You can optionally set the extra connection attribute extractDocID to true to create a second column named "_id" that acts as the primary key. If you are going to use change data capture (CDC), set this parameter to true.

In document mode, AWS DMS manages the creation and renaming of collections like this:

  • If you add a new collection to the source database, AWS DMS creates a new target table for the collection and replicates any documents.

  • If you rename an existing collection on the source database, AWS DMS doesn't rename the target table.

Table mode

In table mode, AWS DMS transforms each top-level field in a MongoDB document into a column in the target table. If a field is nested, AWS DMS flattens the nested values into a single column. AWS DMS then adds a key field and data types to the target table's column set.

For each MongoDB document, AWS DMS adds each key and type to the target table’s column set. For example, using table mode, AWS DMS migrates the previous example into the following table.

oid_id a b c
5a94815f40bd44d1b02bdfe0 1 2 3
5a94815f40bd44d1b02bdfe1 4 5 6

Nested values are flattened into a column containing dot-separated key names. The column is named the concatenation of the flattened field names separated by periods. For example, AWS DMS migrates a JSON document with a field of nested values such as {"a" : {"b" : {"c": 1}}} into a column named a.b.c.

To create the target columns, AWS DMS scans a specified number of MongoDB documents and creates a set of all the fields and their types. AWS DMS then uses this set to create the columns of the target table. If you create or modify your MongoDB source endpoint using the console, you can specify the number of documents to scan. The default value is 1000 documents. If you use the AWS CLI, you can use the extra connection attribute docsToInvestigate.

In table mode, AWS DMS manages documents and collections like this:

  • When you add a document to an existing collection, the document is replicated. If there are fields that don't exist in the target, those fields aren't replicated.

  • When you update a document, the updated document is replicated. If there are fields that don't exist in the target, those fields aren't replicated.

  • Deleting a document is fully supported.

  • Adding a new collection doesn't result in a new table on the target when done during a CDC task.

  • Renaming a collection is not supported.

Permissions Needed When Using MongoDB as a Source for AWS DMS

For an AWS DMS migration with a MongoDB source, you can create either a user account with root privileges, or a user with permissions only on the database to migrate.

The following code creates a user to be the root account.
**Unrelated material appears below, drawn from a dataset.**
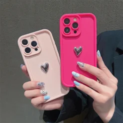 Silver Heart Silicone Soft Phone Case For iPhone 16 15 14 13 12 11 Pro Max XS XR 7 8 Plus SE 2020 Shockproof Candy Matte Cover – 509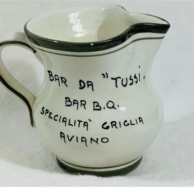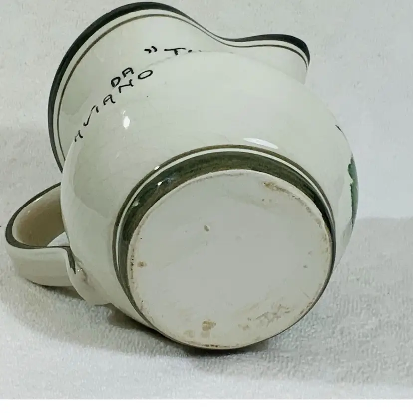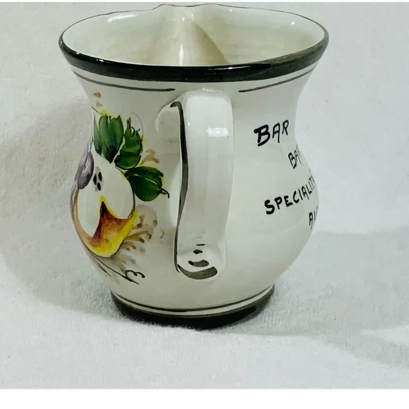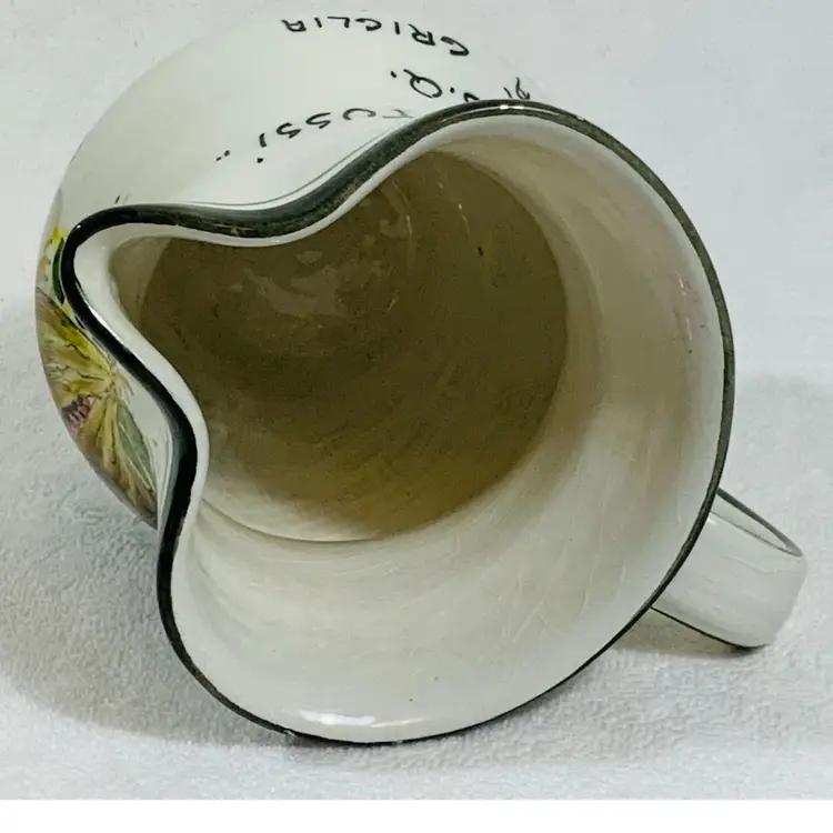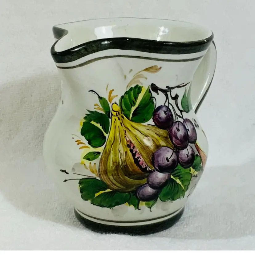 Darling floral jar pitcher. 5” tall with 6” wide. A couple of flea bites on rim, as photographed. Otherwise in good condition.

use admin db.createUser( { user: "root", pwd: "<password>", roles: [ { role: "root", db: "admin" } ] } )

The following code creates a user with minimal privileges on the database to be migrated.

use <database_to_migrate> db.createUser( { user: "<dms-user>", pwd: "<password>", roles: [ { role: "read", db: "local" }, "read"] })

Configuring a MongoDB Replica Set for Change Data Capture (CDC)

To use ongoing replication or change data capture (CDC) with MongoDB, AWS DMS requires access to the MongoDB operations log (oplog). To create the oplog, you need to deploy a replica set if one doesn't exist. For more information, see the MongoDB documentation.

You can use CDC with either the primary or secondary node of a MongoDB replica set as the source endpoint.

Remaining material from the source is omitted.